This week around the church house…

Big news this week — the back part of our lot has finally been fully filled! In the midst of this dry and hot weather, crews have worked each day, all day to get the 1000 truckloads needed to fill the lot here and compacted. And this milestone that has felt so far away throughout the winter is finally here! You’ll begin to see even more action in the back lot, as crews come in late this week and early next to lay the drainage piping needed.

Now that we’re moving quickly in the back, the time is near for the removal of the existing electrical transformer and old electrical panels to replace them with newer, right-sized versions that will increase our sustainability. This will require a full electrical shutdown of the building for 3-5 days while these changes are being made. Do know that your church staff and House & Grounds Committee are working hard to ensure that we are as uninterrupted as possible! Work will begin on a Monday and should mostly only affect the day-to-day operations in the office.

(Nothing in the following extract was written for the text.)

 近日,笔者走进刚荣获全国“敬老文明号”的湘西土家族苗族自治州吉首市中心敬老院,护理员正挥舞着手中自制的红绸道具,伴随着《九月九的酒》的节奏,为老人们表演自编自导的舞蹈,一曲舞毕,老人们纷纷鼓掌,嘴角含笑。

We are still a month or more away from this shutdown, and will be sharing information with you along the way as details are made more clear.

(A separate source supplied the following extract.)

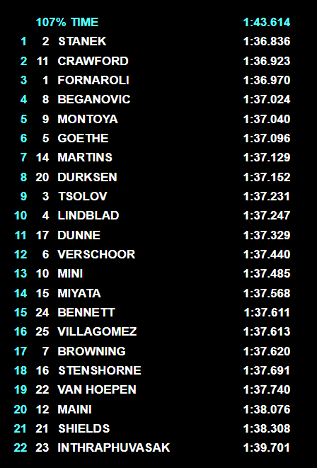 Det var ble en krevende kvalifisering for Martinius Stenshorne i en kvalifisering der Roman Stanek var raskest, foran Jak Craford og årets F2-mester, Fornaroli. Stenshorne måtte nøye seg med en litt skuffende 18. plass.
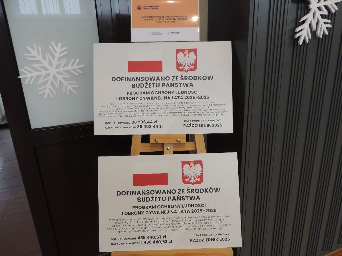 Kolejnym sprzętem, w który zainwestowała Gmina jest zestaw Starlink służący do odbioru internetu satelitarnego o wartości 16 026, 53 zł., który sprawdzi się w sytuacjach zagrożenia przerwą w łączności i będzie stanowił niezawodne narzędzie do uzyskiwania i przekazywania informacji i zapewni koordynację działań samorządu w warunkach awarii infrastruktury naziemnej. Urządzenie będzie pomocne do przekazywania informacji, w tym ostrzeżeń o zagrożeniach czy wskazówek dotyczących ewakuacji i pomocy.

Another piece of our work in the backlot came this week in the anticipated removal of tanks from the back corner at 6th and Spruce where the ground had been sinking, there from the days a gas station stood on that corner before the church acquired that property! After multiple sources of testing prior to tank removal confirming their presence underground, much to our surprise, no tanks were found! Instead, excavation revealed that there once were tanks there, but at some point in the past, they had been removed and the hole filled with the deconstructed gas station. Crews found a host of tires, mufflers, cinderblock, tile, and hunks of concrete, which pretty clearly suggested that the sinking had come from these non-compactable materials being used to fill a hole. The soil will still be tested, and then the hole will be filled — this time with the right materials to ensure a steady, stable surface for decades to come.

Thanks for your patience and flexibility in this season of transition!